▶ Assignment: Please set down each entry exactly, omitting any picture it holds.

== Listed entries

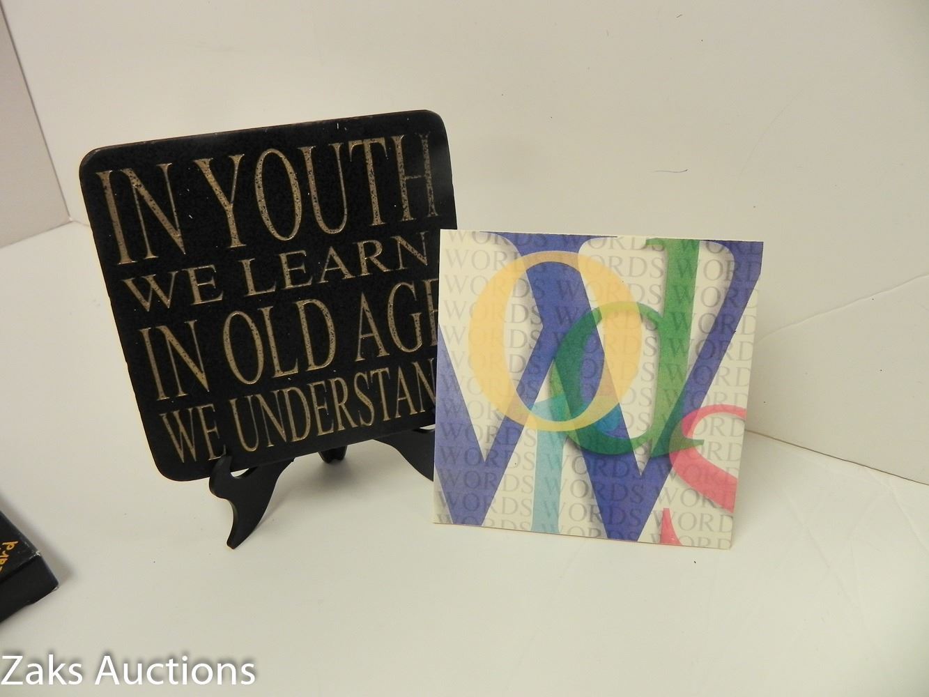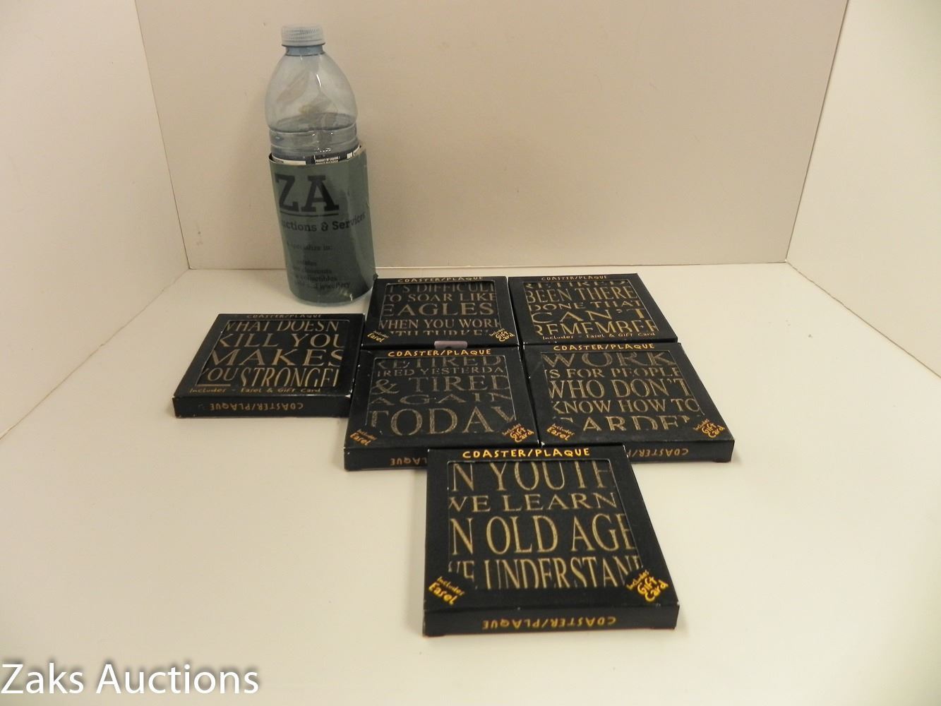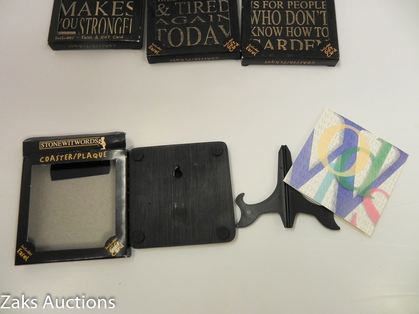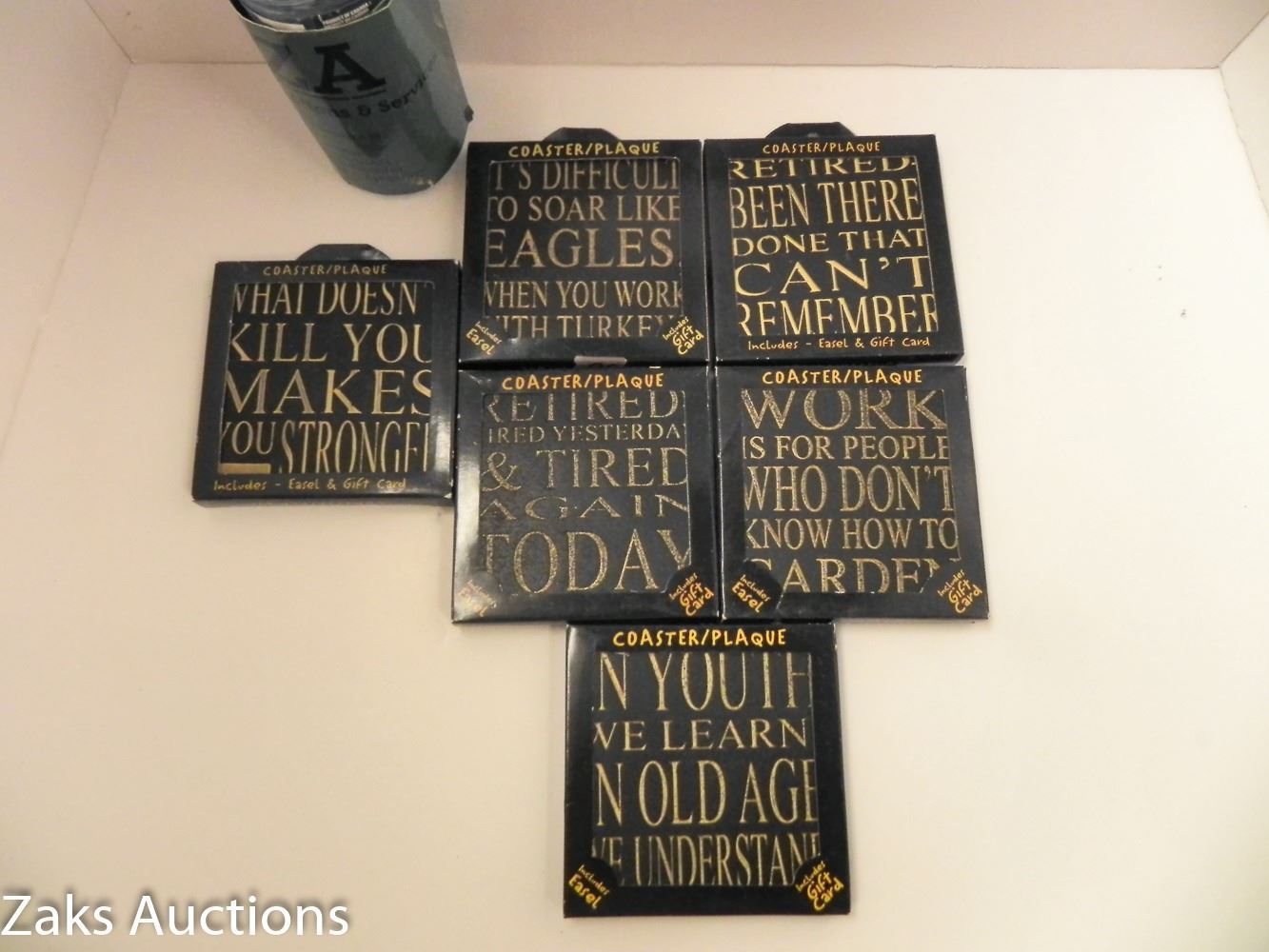 6 COASTERS WITH SAYING ALL HAVE EASELS
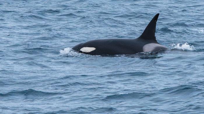 An orca whale in the Denmark Strait, between Greenland and Iceland in the Arctic Ocean.
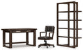 Details | H556-44: Made with hardwood solids, oak veneer and MDF substrates, Dark brown wood-tone finish, 2 smooth-gliding drawers, Cutout for cord management, Assembly required, H556-01A: Made with solid wood frame, Dark brown wood-tone finish, Foam cushioned seat and backrest with faux leather upholstery, Adjustable height, Casters for easy mobility, Assembly required, H556-70: Made with hardwood solids, oak veneer and MDF substrates, Dark brown wood-tone finish, 4 shelves, Assembly required, | |
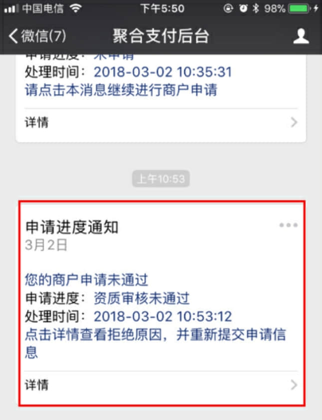若未審核通過,點擊詳情查看未審核通過原因,重新更改提交資料。
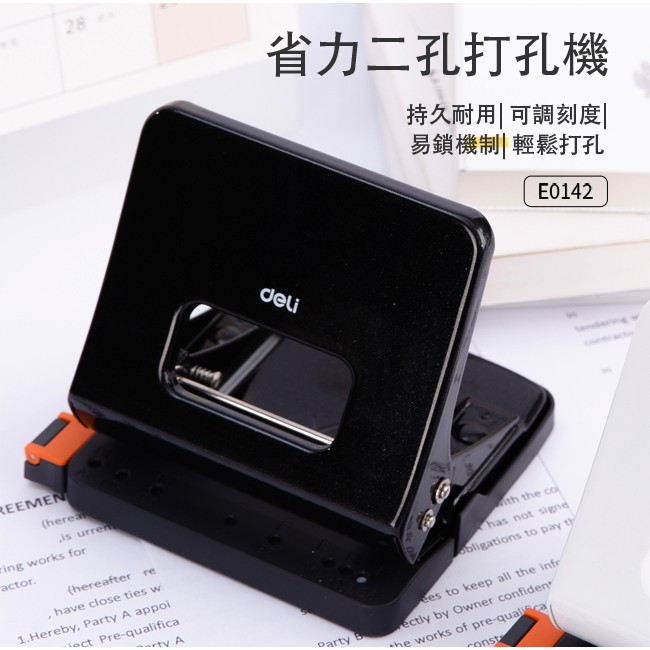 【Deli得力】省力二孔打孔機-黑-約25張(0142) 台灣發貨|得力旗艦店
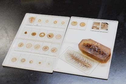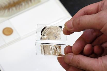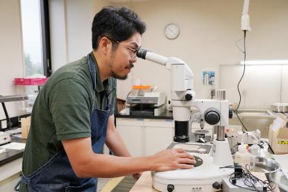 研究や教育に必要な岩石試料、生物試料、金属試料などの光学的性質を知るために、試料の処理・薄片作製業務を行います。
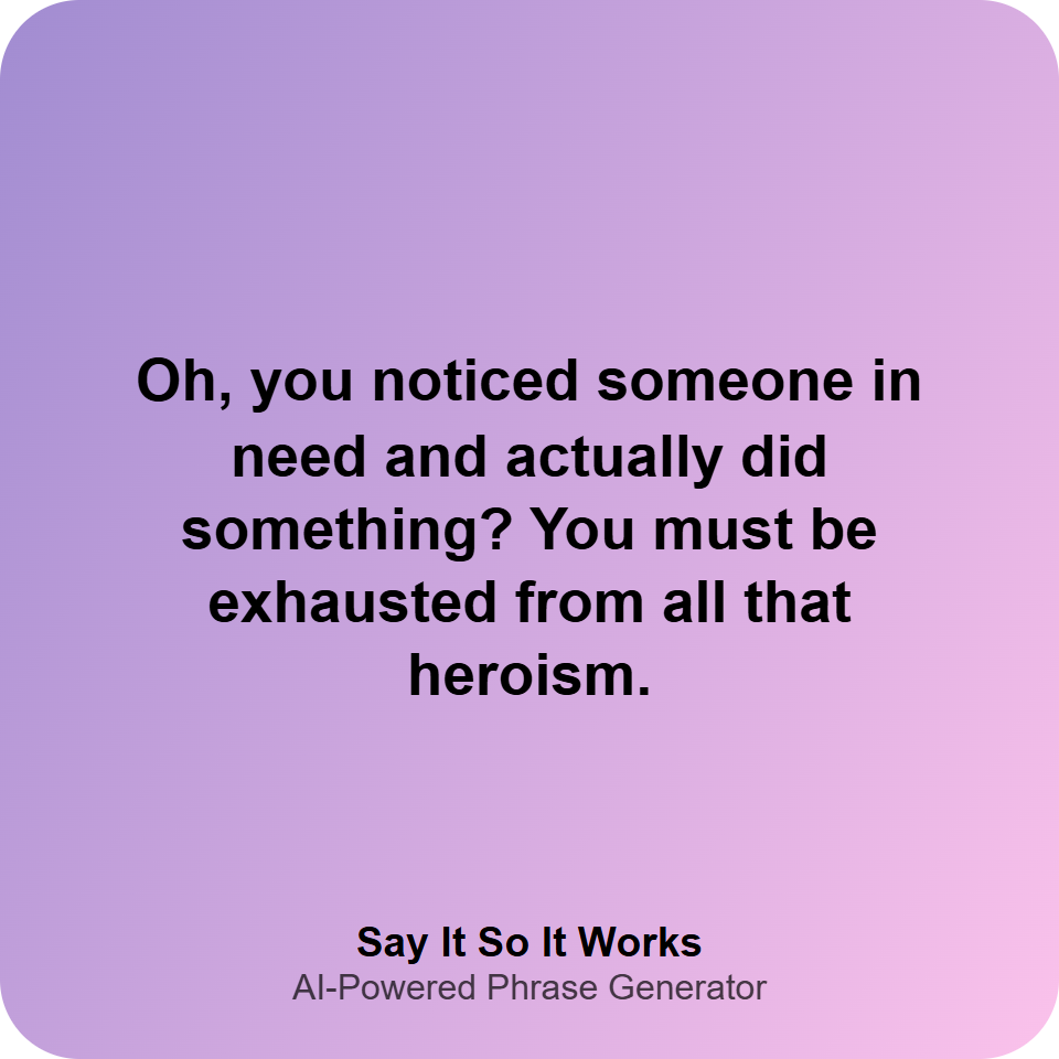 Oh, you noticed someone in need and actually did something? You must be exhausted from all that heroism.

====

▶ Expected answer:
 6 COASTERS WITH SAYING ALL HAVE EASELS
 An orca whale in the Denmark Strait, between Greenland and Iceland in the Arctic Ocean.
 Details | H556-44: Made with hardwood solids, oak veneer and MDF substrates, Dark brown wood-tone finish, 2 smooth-gliding drawers, Cutout for cord management, Assembly required, H556-01A: Made with solid wood frame, Dark brown wood-tone finish, Foam cushioned seat and backrest with faux leather upholstery, Adjustable height, Casters for easy mobility, Assembly required, H556-70: Made with hardwood solids, oak veneer and MDF substrates, Dark brown wood-tone finish, 4 shelves, Assembly required, | |
若未審核通過,點擊詳情查看未審核通過原因,重新更改提交資料。
 【Deli得力】省力二孔打孔機-黑-約25張(0142) 台灣發貨|得力旗艦店
 研究や教育に必要な岩石試料、生物試料、金属試料などの光学的性質を知るために、試料の処理・薄片作製業務を行います。
 Oh, you noticed someone in need and actually did something? You must be exhausted from all that heroism.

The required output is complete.